Приключения Оги Марча - Сол Беллоу
Шрифт:
Интервал:
Закладка:
Идеи буквально одолевали его. Разве от них укроешься! Все мы поставлены перед фактом, и трудность у нас одна, а именно — обилие вещей, требующих осмысления и знаний. К совершенству его толкает исключительно чувство долга. Я подозревал, что, прикрываясь долгом, он желает утаить свой болезненный, непомерный азарт, который то и дело вырывался на волю.

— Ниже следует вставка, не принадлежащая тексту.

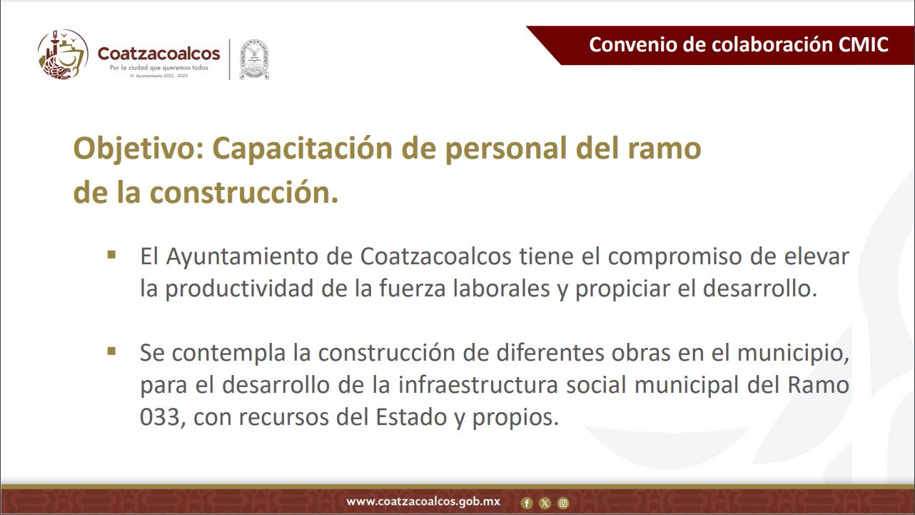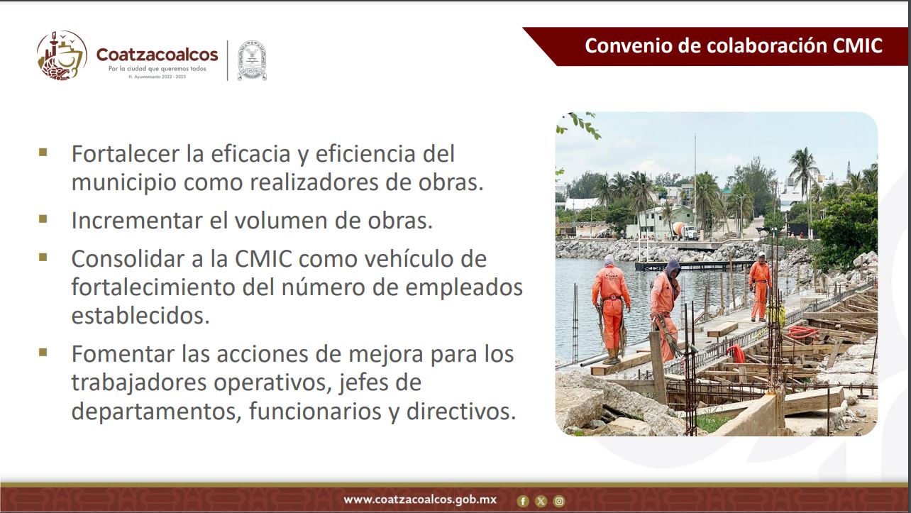 El Ayuntamiento informará mensualmente a la Cámara e Instituto sobre las retenciones, con fines de transparencia. Con estas acciones se busca fortalecer a los trabajadores operativos, jefes de departamentos, funcionarios y directivos, en materia de obra pública.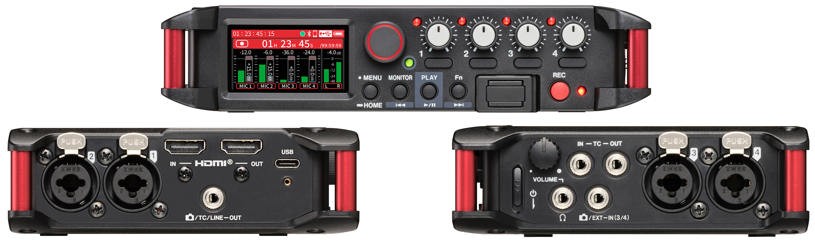 Новинка поставляется в компактном алюминиевом корпусе со специальным винтовым креплением. Устройство оснащено четырьмя комбинированными XLR/TRS входами с предусилителями Ultra HDDA (EIN -127 dBu), а также обладает высоким динамическим диапазоном (133 дБ) и суммированным стерео-миксом с возможностью одновременной записи на карты памяти SDXC. Кроме этого, пользователи смогут направлять звуковой сигнал на камеру или для мониторинга на съёмочной площадке с помощью встроенного микшера (4x2).
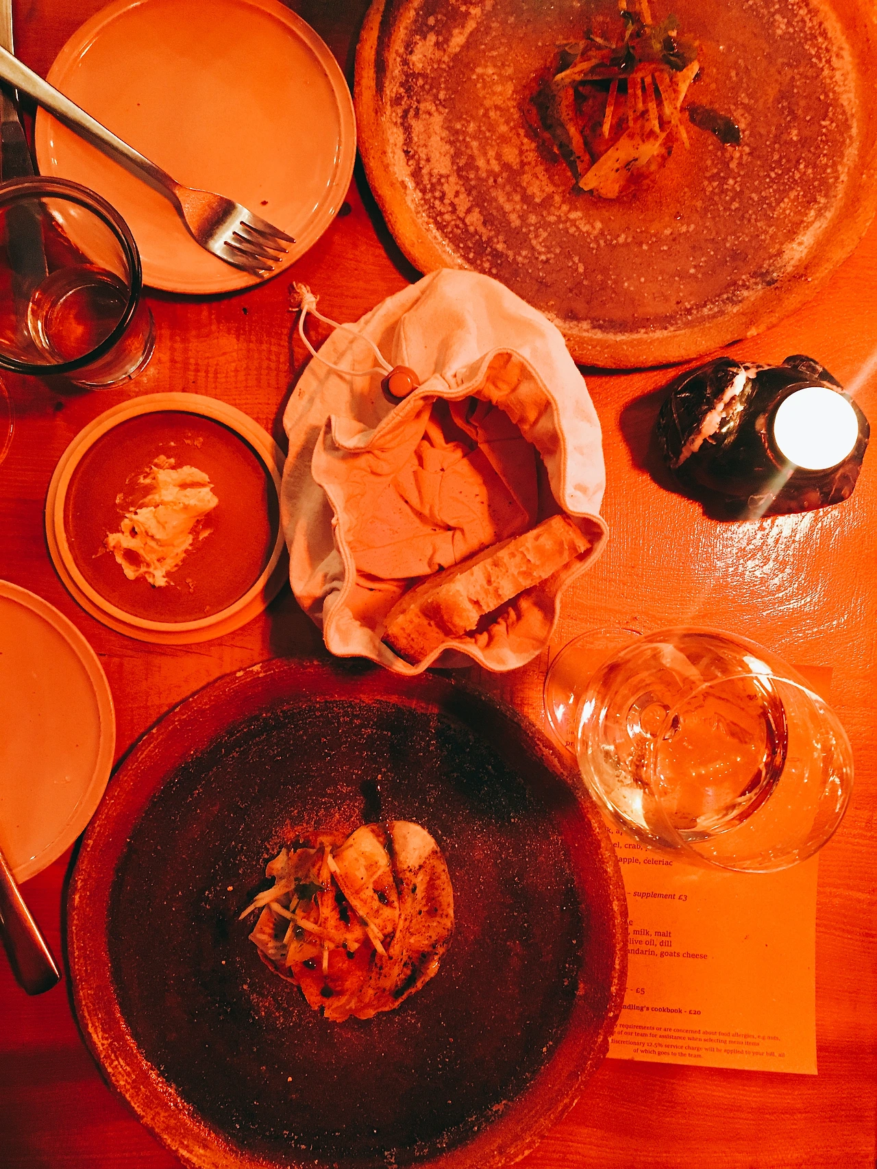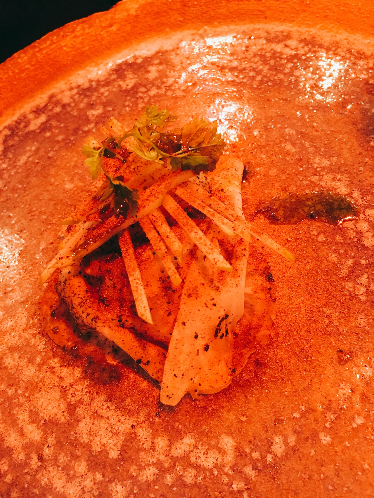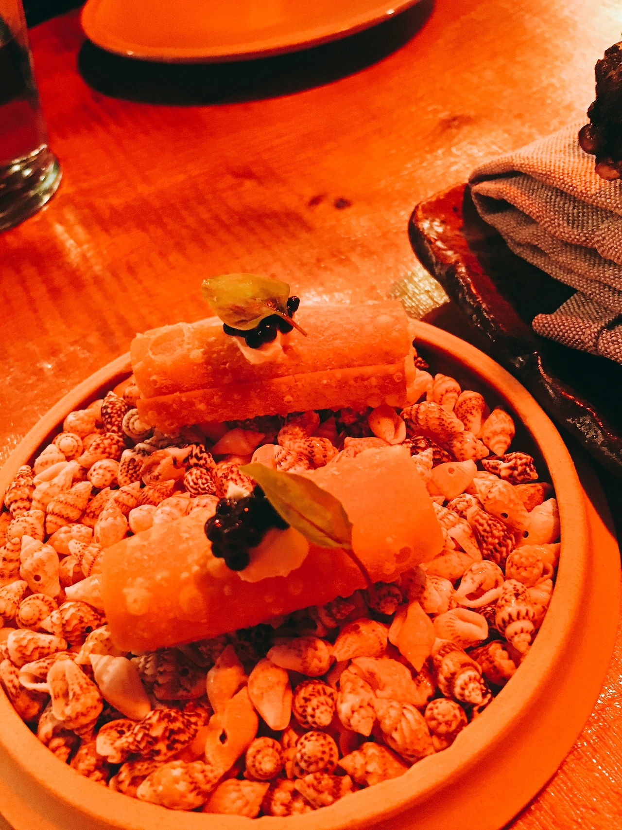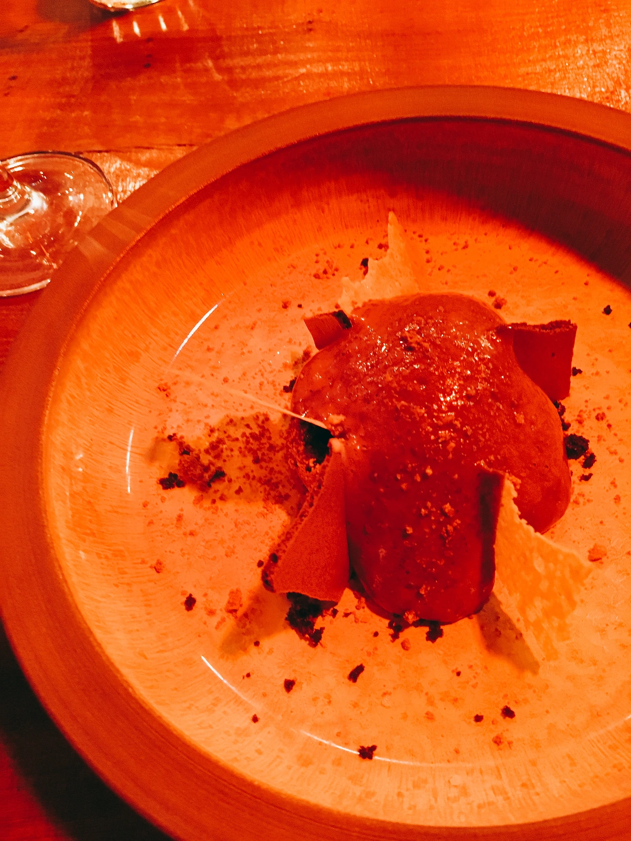 아래는 진짜 감질나게 한 개 두 개씩 나오는 요리들의 사진이다. 붉은빛의 조명 때문에 사진이 다 붉다. 요리마다 특색이 있고 맛도 다양한 맛을 내었다. 솔직히 어떤 맛인지 알 수 없었다. 그냥 특이하구나 라는 생각이 지배적이었다. 물론 디저트 류로 넘어갔을 때에는 달달함과 특이한 맛이 매우 좋긴 했다.

Свою книгу, продолжал Робин, он собирается назвать «Сквозь игольное ушко». Ибо богачу совершенно недоступна духовность до тех пор, пока он не отринет от себя свое богатство. Но в наши дни беда бездуховности грозит отнюдь не только богатым. В ближайшем будущем новые технологии создадут изобилие и каждый получит вдоволь всего, что ему нужно. Неравенство останется, но голод и нужда отступят, исчезнут с лица земли. Каждый утолит свой голод. Ну утолит, а что потом? Очертания будущего рая, царства свободы, изобилия и всеобщей любви уже, кажется, маячат впереди — вот она, мечта Великой французской революции! Но мечта не воплотится, пройдет стороной. Французы были слишком большими оптимистами, поверив, будто дряхлая цивилизация, рухнув, освободит путь к новой, счастливой жизни, к раю на земле. Все не так просто! Мы стоим на пороге величайшего в истории краха. И это не война, нет.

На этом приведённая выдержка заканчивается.